→ Your assignment: Nothing outside the range is to be copied. From the entries below, reproduce exactly the lines starting at the one with "Farmer Pushing Wheelbarrow" and ending at the one with "4. From under", without pictures.

→ Material provided:
Content starts
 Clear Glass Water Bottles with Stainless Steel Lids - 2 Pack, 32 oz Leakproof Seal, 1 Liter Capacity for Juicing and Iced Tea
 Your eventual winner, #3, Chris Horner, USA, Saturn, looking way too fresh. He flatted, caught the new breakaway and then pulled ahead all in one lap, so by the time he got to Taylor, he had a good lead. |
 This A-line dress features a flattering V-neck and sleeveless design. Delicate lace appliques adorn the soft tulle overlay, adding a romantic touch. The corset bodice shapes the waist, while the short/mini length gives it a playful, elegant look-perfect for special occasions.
Content ends
Content starts
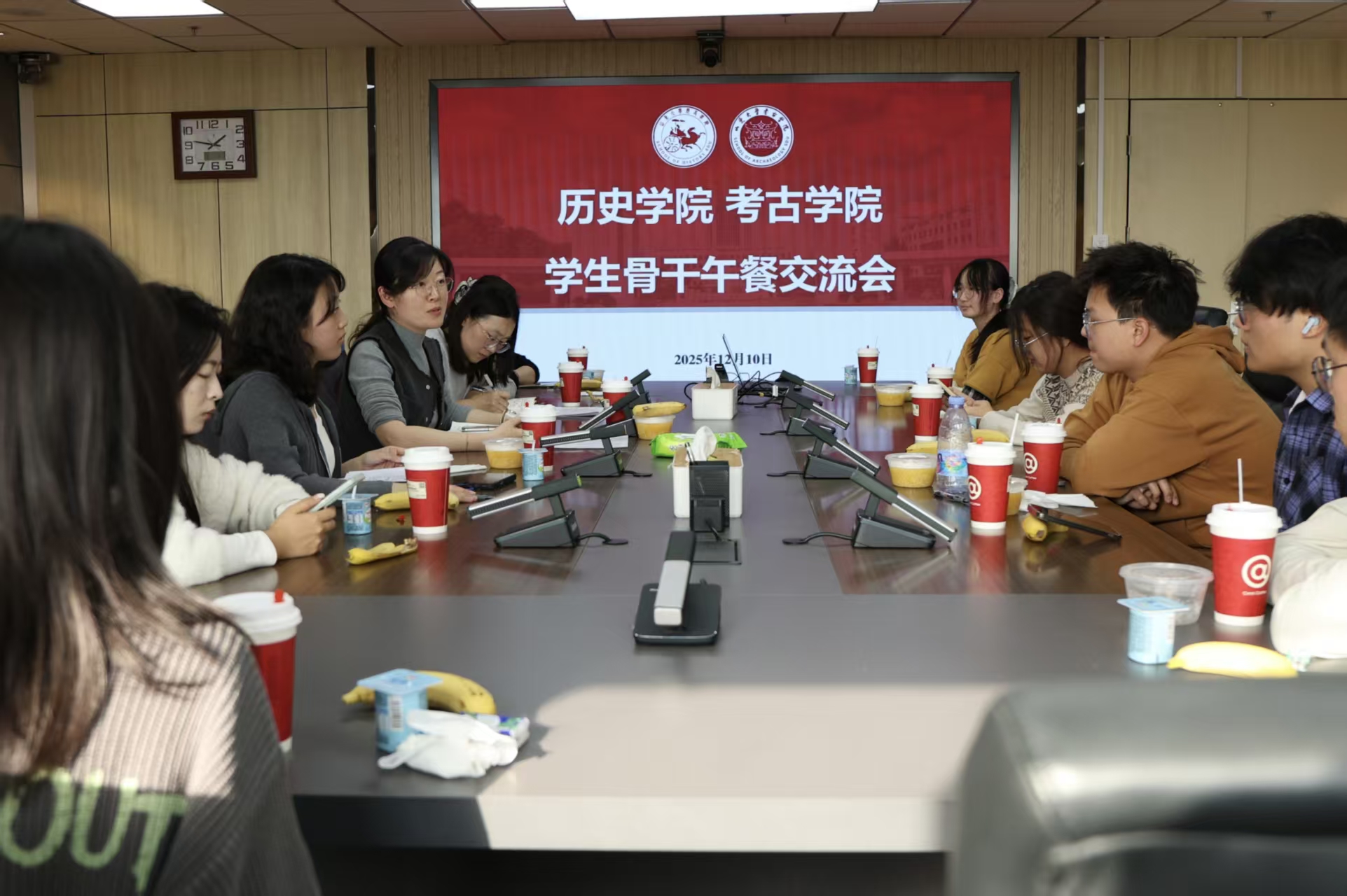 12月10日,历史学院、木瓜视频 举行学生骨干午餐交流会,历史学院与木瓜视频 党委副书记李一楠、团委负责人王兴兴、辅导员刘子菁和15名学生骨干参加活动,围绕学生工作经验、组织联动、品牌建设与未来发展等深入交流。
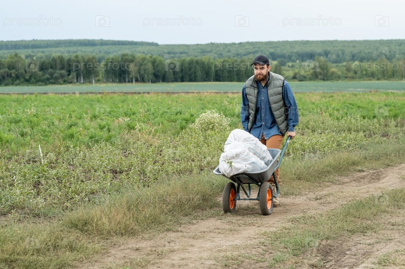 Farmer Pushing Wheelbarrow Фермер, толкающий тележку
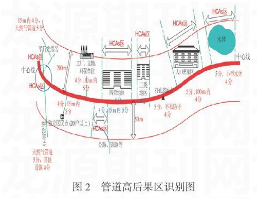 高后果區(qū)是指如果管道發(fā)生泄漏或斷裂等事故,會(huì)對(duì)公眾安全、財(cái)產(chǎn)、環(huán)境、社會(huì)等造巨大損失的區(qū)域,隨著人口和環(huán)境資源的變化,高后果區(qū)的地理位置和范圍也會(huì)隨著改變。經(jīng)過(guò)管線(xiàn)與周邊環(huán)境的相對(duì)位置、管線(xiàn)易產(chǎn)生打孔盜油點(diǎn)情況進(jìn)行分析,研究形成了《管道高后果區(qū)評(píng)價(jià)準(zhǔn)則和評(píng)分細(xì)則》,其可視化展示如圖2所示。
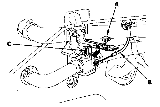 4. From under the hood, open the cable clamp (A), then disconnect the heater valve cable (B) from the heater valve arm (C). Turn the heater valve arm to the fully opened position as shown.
Content ends
Content starts
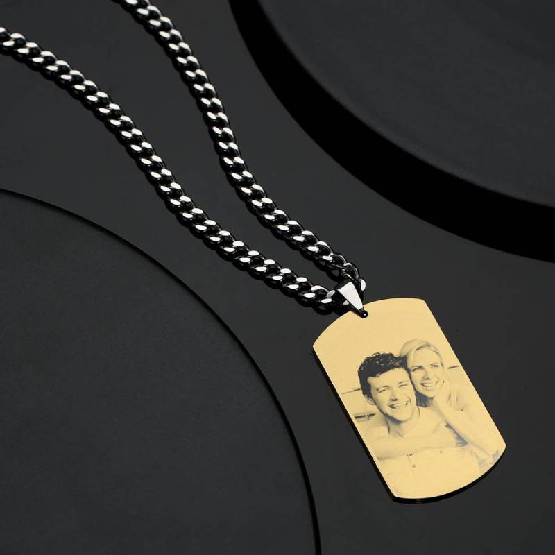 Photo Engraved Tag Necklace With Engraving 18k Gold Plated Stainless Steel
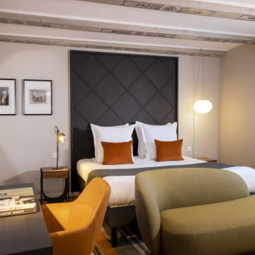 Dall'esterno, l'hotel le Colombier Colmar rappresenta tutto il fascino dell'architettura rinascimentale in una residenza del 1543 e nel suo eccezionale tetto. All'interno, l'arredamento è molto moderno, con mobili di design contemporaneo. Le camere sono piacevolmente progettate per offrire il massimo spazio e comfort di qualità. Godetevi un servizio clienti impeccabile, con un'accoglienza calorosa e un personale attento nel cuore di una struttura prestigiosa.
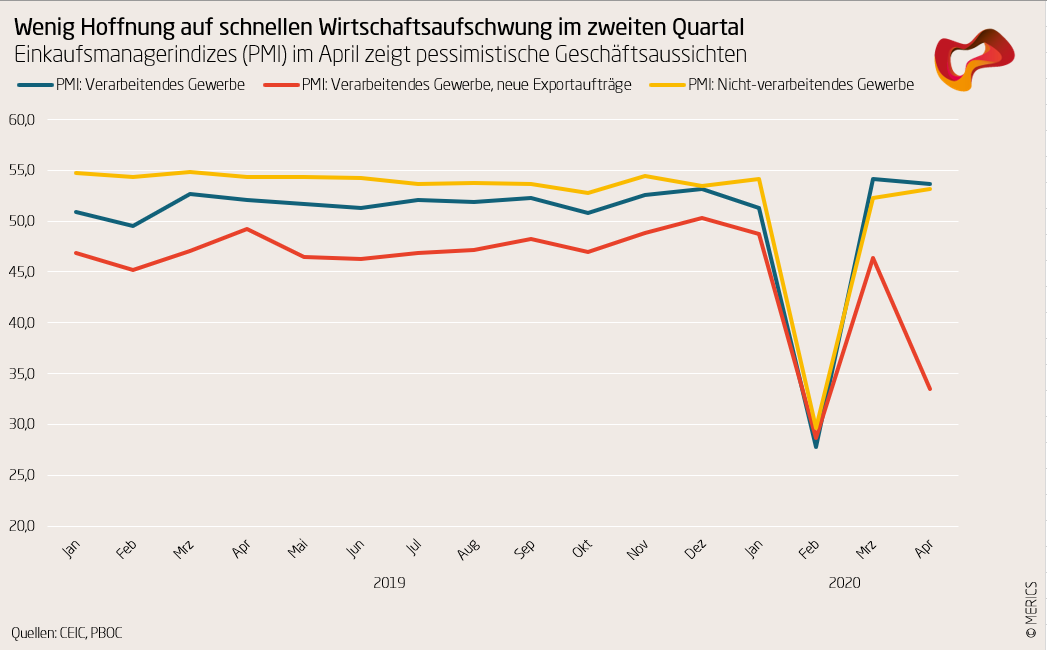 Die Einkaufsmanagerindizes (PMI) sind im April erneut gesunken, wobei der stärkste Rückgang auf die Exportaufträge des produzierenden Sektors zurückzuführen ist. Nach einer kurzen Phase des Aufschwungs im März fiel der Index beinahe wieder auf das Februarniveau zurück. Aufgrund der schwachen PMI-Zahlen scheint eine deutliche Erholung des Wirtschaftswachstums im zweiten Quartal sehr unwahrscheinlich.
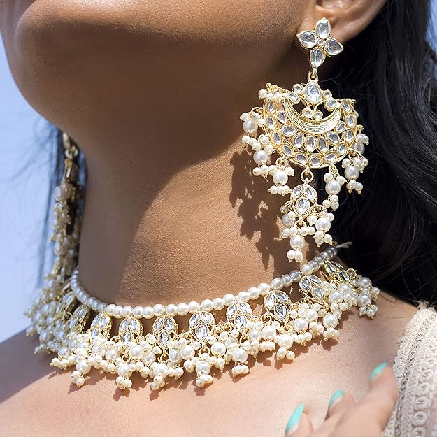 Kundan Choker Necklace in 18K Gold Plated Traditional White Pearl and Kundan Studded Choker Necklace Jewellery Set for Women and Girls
Content ends
→ Exercise output:
 Farmer Pushing Wheelbarrow Фермер, толкающий тележку
 高后果區(qū)是指如果管道發(fā)生泄漏或斷裂等事故,會(huì)對(duì)公眾安全、財(cái)產(chǎn)、環(huán)境、社會(huì)等造巨大損失的區(qū)域,隨著人口和環(huán)境資源的變化,高后果區(qū)的地理位置和范圍也會(huì)隨著改變。經(jīng)過(guò)管線(xiàn)與周邊環(huán)境的相對(duì)位置、管線(xiàn)易產(chǎn)生打孔盜油點(diǎn)情況進(jìn)行分析,研究形成了《管道高后果區(qū)評(píng)價(jià)準(zhǔn)則和評(píng)分細(xì)則》,其可視化展示如圖2所示。
 4. From under the hood, open the cable clamp (A), then disconnect the heater valve cable (B) from the heater valve arm (C). Turn the heater valve arm to the fully opened position as shown.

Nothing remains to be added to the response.